Let’s talk about sex (and religion and immigration)
In chapter 4 of The Hidden Agenda of the Political Mind, Kurzban and I provide a framework for thinking through lifestyle issues that relate strongly to religiosity, including, among others, the legality of pot, porn, and abortion. The main theme is that these kinds of issues—along with religiosity itself—are strongly related to people’s own sexual and reproductive lifestyles.
So, for example, we talk about a large longitudinal study that has followed a group of U.S. teens into adulthood. There, we learn that lots of kids regularly attend church with their parents when they’re young, but then the large majority stop going regularly when they reach their late teens and early 20s. And who are the ones most likely to stop? It’s the kids who start partying and hooking up. In other words, while it’s common to view adults as having learned their religious patterns from their parents, there’s also a big deal here where what we’ve called Freewheeler lifestyles can lead adults to avoid religion even when raised religious.

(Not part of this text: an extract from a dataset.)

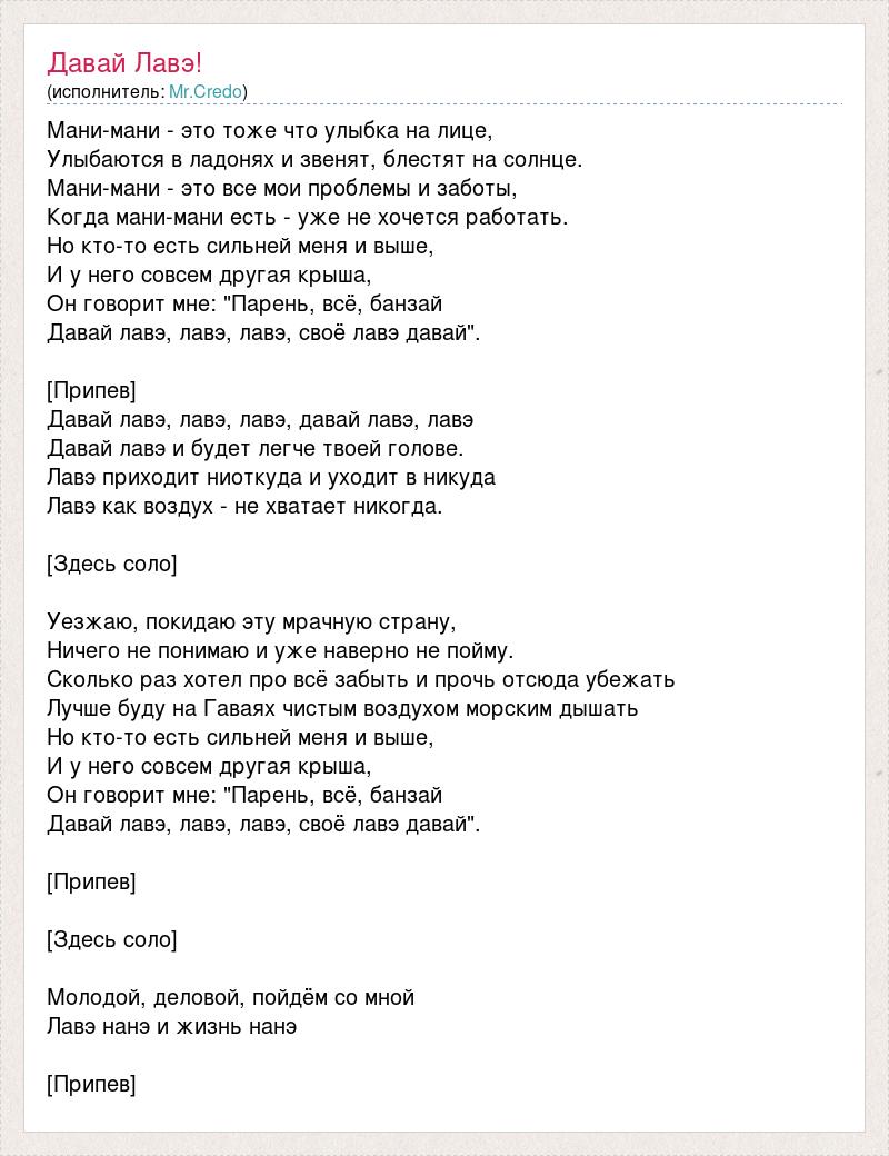 Мани-мани - это тоже что улыбка на лице, Улыбаются в ладонях и звенят, блестят на солнце. Мани-мани - это все мои проблемы и заботы, Когда мани-мани есть - уже не хочется работать. Но кто-то есть сильней меня и выше, И у него совсем другая крыша, Он говорит мне: "Парень, всё, банзай Давай лавэ, лавэ, лавэ, своё лавэ давай". [Припев] Давай лавэ, лавэ, лавэ, давай лавэ, лавэ Давай лавэ и будет легче твоей голове. Лавэ приходит ниоткуда и уходит в никуда Лавэ как воздух - не хватает никогда. [Здесь соло] Уезжаю, покидаю эту мрачную страну, Ничего не понимаю и уже наверно не пойму. Сколько раз хотел про всё забыть и прочь отсюда убежать Лучше буду на Гаваях чистым воздухом морским дышать Но кто-то есть сильней меня и выше, И у него совсем другая крыша, Он говорит мне: "Парень, всё, банзай Давай лавэ, лавэ, лавэ, своё лавэ давай". [Припев] [Здесь соло] Молодой, деловой, пойдём со мной Лавэ нанэ и жизнь нанэ [Припев]

When it comes to pot specifically, my colleagues and I have shown that people’s personal feelings about casual sex are uniquely strong predictors of whether they think recreational drugs should be legal (we showed this with adult and student samples in the U.S., as well as in Japan, Belgium, and the Netherlands). Once you know how turned on people are by the idea of hooking up, you just don’t learn much more about their views on legal pot by adding in things like their church attendance and political ideology. The public arguments may be in terms of pot-as-medicine, states’ rights, personal liberty, tax revenue, or whatever, but the heart of the matter is sex—just as it was back in the 1930s.
While the Pew surveys don’t contain information about sexual lifestyles (Sad!), the sexual theme shows up indirectly in religious measures. Here, the big pro-pot folks are atheists, agnostics, and various niche religions. But most of these folks were raised in Christian households and only later—when they started partying and hooking up—came to reject the sexual moralizing of their childhood faiths. You could try to say that there’s something about being non-religious that makes people pro-pot, but it’s mostly that being a Freewheeler makes people avoid sexually moralizing religions.

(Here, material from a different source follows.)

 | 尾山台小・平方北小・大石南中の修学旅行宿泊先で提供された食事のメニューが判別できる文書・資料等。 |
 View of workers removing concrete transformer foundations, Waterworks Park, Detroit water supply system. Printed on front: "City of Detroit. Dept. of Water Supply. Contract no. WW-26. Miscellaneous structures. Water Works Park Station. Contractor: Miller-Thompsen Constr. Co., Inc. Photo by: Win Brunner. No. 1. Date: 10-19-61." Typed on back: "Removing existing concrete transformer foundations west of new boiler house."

This is true on the other side as well. Weekly churchgoers are mostly people with sexually restricted lifestyles. Also, you might see the heavy anti-pot leanings of Mormons as a sign that they’re getting that from their Mormon upbringings, but over a third of people raised Mormon leave the faith in adulthood. And those who leave are mostly Freewheelers, leaving behind a concentrated group of non-partiers.

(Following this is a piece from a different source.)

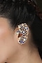 Featuring a pair of gold finish hoop earrings studded with purple stones, set in brass. Add a touch of sparkle to your ensemble, perfect for festive occasions, weddings or sangeet ceremony.

While sexual lifestyles are a major theme driving political issues like abortion, birth control, pot, porn, and so on, each specific issue also has its own subthemes. With pot, a big subtheme is immigration. The politics and use of pot carry a unique pattern where Hispanic immigrants, along with folks in other groups that suggest a higher likelihood of relatively recent immigration (e.g., Asians and Hindus), tend to be anti-pot. There’s an obvious idea here: Maybe avoiding pot use is part of a general tendency among immigrants to avoid illegal activities, given the deportation risks. Or maybe it’s less about legality and more about lifestyles—something about how immigrants tend to play things safe and stable in their personal lives (including avoiding Freewheeling and having stable marriages) as they’re trying to gain a foothold in an unfamiliar land.